Eu égard à ces constats a-t-il indiqué, « les actions d’amélioration réalisées par le gouvernement ont permis au cours de la période écoulée (2011-2018) de parvenir aux résultats suivants : l’amélioration des normes d’organisation et de fonctionnement de l’administration publique à travers une révision de la loi L029, portant principes fondamentaux d’organisation, de fonctionnement et de contrôle des services publics et datant de 2001, et son remplacement par la loi L/2018/025, portant organisation générale de l’Administration publique ; la rationalisation de l’organisation des ministères à travers la conduite d’un processus d’arbitrage en vue d’harmoniser les textes d’attribution et les décrets organiques des différents ministères ».

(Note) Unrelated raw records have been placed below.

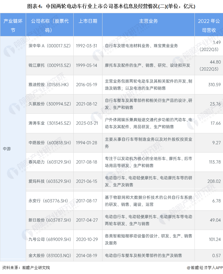 ——原标题:【最全】2023年中国两轮电动车行业上市公司全方位对比(附业务布局汇总、业绩对比、业务规划等)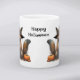 Frohe Halloween-Tasse mit einem niedlichen Fuchs, der einen Hexenhut trägt. Tasse als Jahreszeiten oder Feiertage zu wechseln ist ein schnelles Update für die saisonale Wohngestaltung. AI unterstützte Grafik, die mit kommerziellem Einsatz erworben wurde. Kunstwerk: RedHeronLighthouse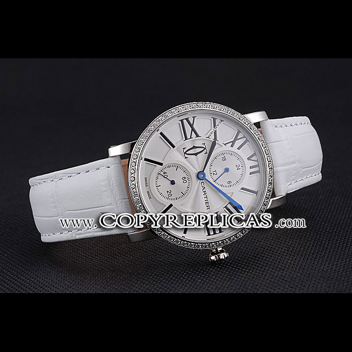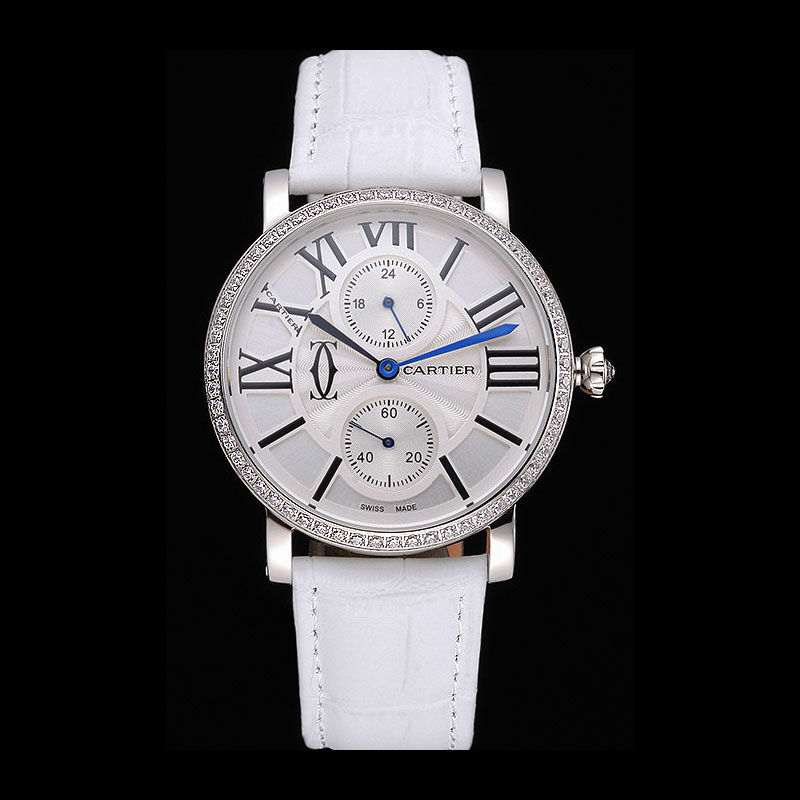 Movement : Quartz (Battery) Quality : Japanese Miyota Case : 18k rose-gold plated case Back : Polished stainless steel screwed down back with Cartier Rotonde inscription Bezel : Diamond encrusted 18k rose-gold plated bezel Crown : Blue crystal stud 18k rose-gold plated cutwork crown Bracelet : Cartier heat embossed white crocodile leather strap with 18k rose-gold plated fold-in buckle clasp Band Type : Leather Watch Clasp : Flip Clasp Chronograph : Yes Glass : Sapphire Crystal Color : White Dial Color : White Gender : Men Diameter : 44 x 38 mm Bracelet Length : 205 x 20 mm Case Thickness : 11 mm Shipping Size : Small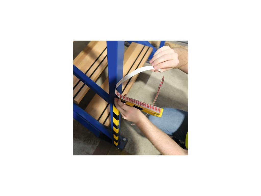 Samolepiaci flexibilný rohový ochranný profil z polyuretánovej peny - pre vnútorné použitie - poskytuje ideálne riešenie vo výrobných priestoroch, dopravných oddeleniach a skladoch, pivniciach, schodiskách, garážach, stenách, trámoch, regáloch a skriniach, ako aj strojoch, skladoch vozíky atď. -označuje nebezpečné miesta, chráni povrchy, steny a zmierňuje poškodenia spôsobené nárazom -profily je možné skrátiť na požadovanú dĺžku ostrým nožom -na výrobku používame farby podľa ASR A1.3, ktoré zodpovedajú RAL 1004/9003 farby (marker žltý/ marker čierny) - trieda E požiarna odolnosť podľa normy DIN EN 13501-1 - tepelná odolnosť od -30°C do + 70°C - dĺžka profilu 1 m - lepiaca plocha: 19 mm na oboch stranáchDodatočné parametre

Ce n’est pas, le ministre de la Fonction Publique est revenu aussi sur la gestion des ressources humaines : « il a été introduit en Guinée le Salaire Minimum Interprofessionnel Garanti (SMIG) fixé à 440 000 ; la suppression de la RTS pour tous ceux qui sont payés à moins d’un million ; les salaires de base ont fait l’objet d’une augmentation de près de 200% entre 2010 et 2017. A titre d’exemple, un fonctionnaire de la hiérarchie A, engagé au grade 1, échelon 1, avec un indice de 1100 percevait en 2010 comme salaire de base un montant de 569 800. Le même fonctionnaire classé dans la même catégorie, bénéficie d’un indice 1540 dans la nouvelle grille élaborée en 2016 et bénéficie en 2017 d’un salaire de 1 586 200 francs guinéens. Soit son salaire de 2010 multiplié par 3 en 8 ans (…) La réalisation de l’opération de recensement biométrique des fonctionnaires et des contractuels permanents en 2014, qui a permis de reverser au trésor public plus de 30 milliards de francs guinéens et dégager du fichier plus de 11 000 agents qui percevaient indûment le salaire ».

Par ailleurs, il inscrit parmi les perspectives de  gestion de l’administration publique, la mise en œuvre du projet de Charte de la déconcentration, le projet de déconcentration de la gestion des ressources humaines dans les ministères de la Sécurité, de la Santé  ainsi que la poursuite de la mise en cohérence des organisations des ministères, à travers l’harmonisation et la validation des décrets organiques dans les départements, la réalisation d’un programme d’amélioration du cadre de gestion des ressources humaines de l’Etat.